Fixed rates on home loans soared to the highest level since October. But some market indicators point to a decline in the next report.
In Freddie Mac’s Primary Mortgage Market Survey for the week ended June 11, thirty-year fixed rates averaged 4.04 percent.
Thirty-year fixed mortgage rates haven’t been this high since the week ended Oct. 9, 2014, when the average came in at 4.12 percent.
The latest 30 year was 17 basis points worse than in the previous survey but 16 BPS better than in the same week last year.
Freddie Mac Deputy Chief Economist Len
Kiefer said mortgage rates followed Treasury yields higher on a solid employment report.
“Markets are responding to strong employment data,” Kiefer said in the report. “In May, the U.S. economy added 280,000 jobs.
“Moreover, job openings surged to 5.4 million in April, up over 20 percent from a year ago.”
Joe Farr, a director at MBSQuoteline, noted that rates have risen since Freddie conducted this week’s survey.
But Treasury market data analyzed by Mortgage Daily indicates that fixed mortgages rates could be in the range of five BPS lower in Freddie’s next survey.
However, most of the panelists surveyed by Bankrate.com for the week June 11 to June 17 predicted that rates will rise by at least three BPS over the next week. A fifth forecasted no change, and none expected a decline.
On jumbo mortgages,
30-year fixed rates averaged 15 BPS more than on conforming loans, according to the U.S. Mortgage Market Index report from Mortgage Daily and Loan Sifter. The jumbo-conforming spread thinned from 18 BPS one week prior.
Fifteen-year fixed rates averaged 3.25 percent in Freddie’s most-recent survey, 17 BPS higher than in the week ended June 4. With 15-year rates moving in tandem with 30-year rates, the spread between short- and long-term fixed rates was unchanged from a week earlier at 79 BPS.
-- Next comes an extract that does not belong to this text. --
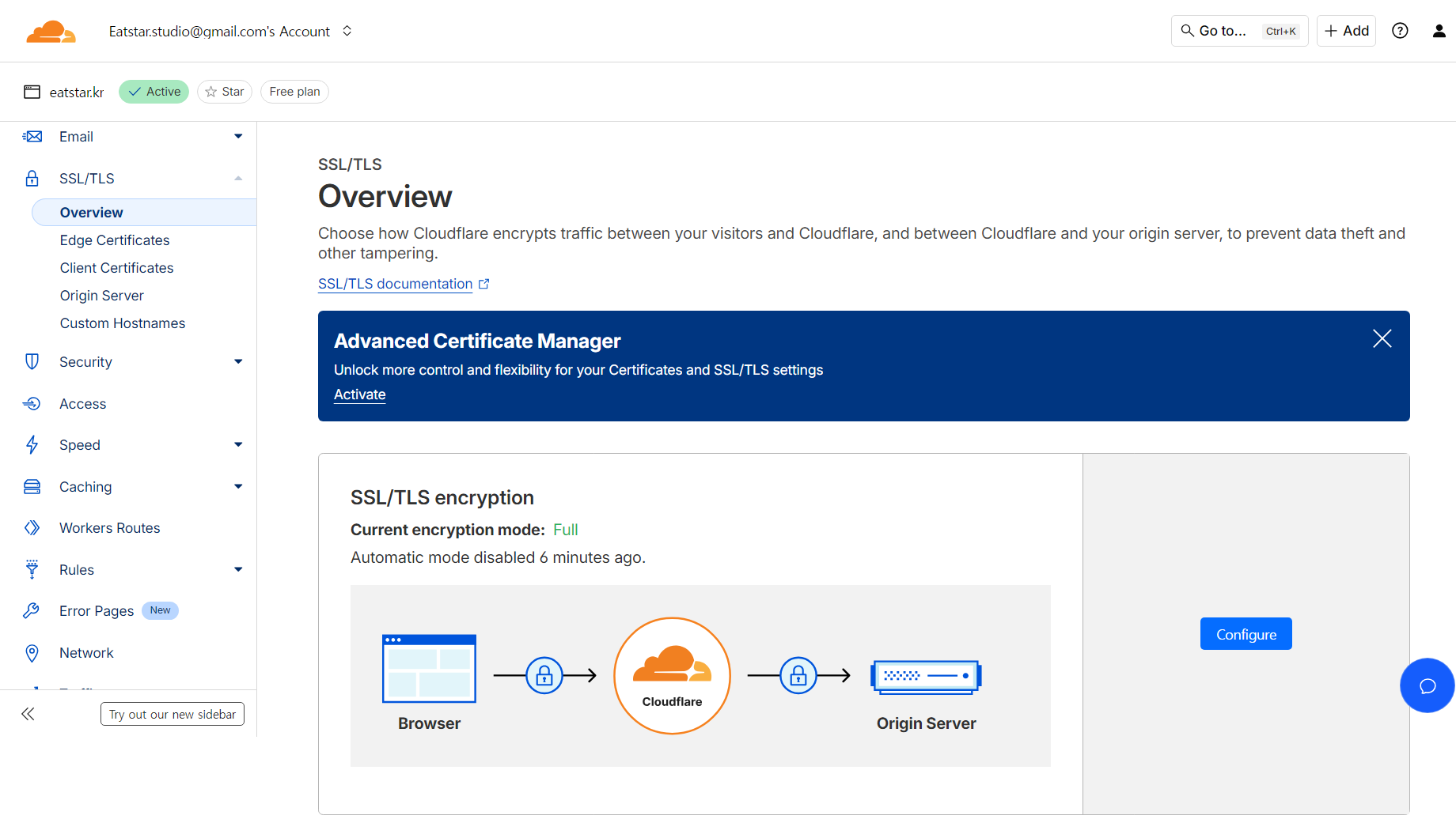 SSL/TLS overview에 들어가서 Configure 버튼을 누르자. 그리고 Full (Strict)로 설정하면 된다.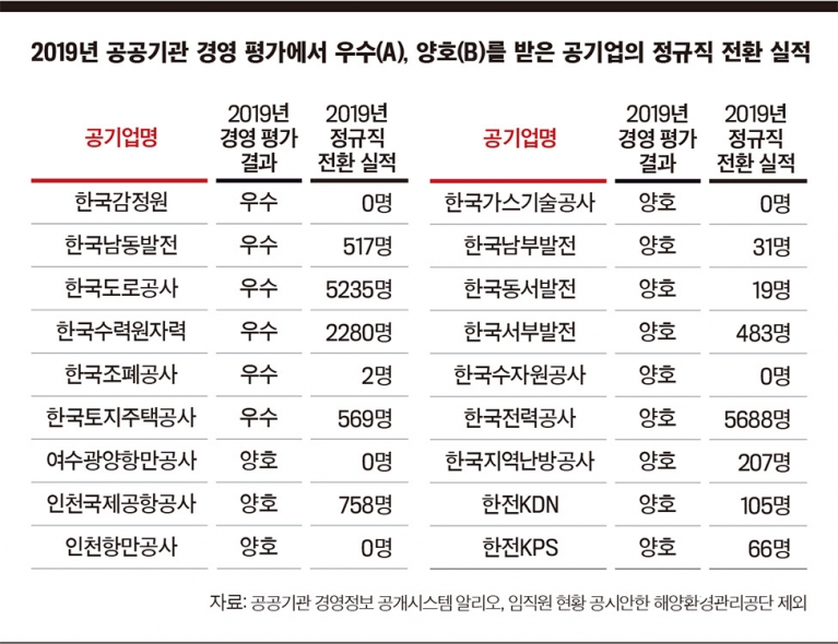 실제 공공기관 경영정보 공개시스템 ‘알리오’에 따르면 지난해 공공기관 경영 평가에서 우수(A)를 받은 한국수력원자력은 지난해 2280명의 비정규직 근로자를 정규직으로 전환시켰다. 그런데 한수원의 지난해 연결기준 영업이익은 7831억원으로 2018년(1조1456억원)보다 32% 감소했다. 지난해 1조2765억원에 달하는 영업손실로 이른바 ‘최악의 성적표’를 받은 한국전력공사도 양호(B)로 평가됐는데, 지난해에만 5688명의 비정규직 근로자를 정규직으로 채용했다.

Freddie reported average five-year, Treasury-indexed, hybrid, adjustable-rate mortgages at 3.01 percent, up five BPS from seven days earlier.
Unlike the other mortgage products tracked by Freddie, the one-year Treasury-indexed ARM was down six BPS from the previous report to 2.53 percent. One-year ARMs averaged 2.40 percent in the week ended June 12, 2014.
As of the close of business Thursday, the yield on the one-year Treasury note was 0.28 percent, a basis point less than seven days earlier, according to Treasury Department data.
The six-month London Interbank Offered Rate — or LIBOR — was 0.44 percent as of Wednesday,
rising from 0.42 percent one week prior, according to Bankrate.com.
ARM share was 9.1 percent in the most-recent Mortgage Market Index report.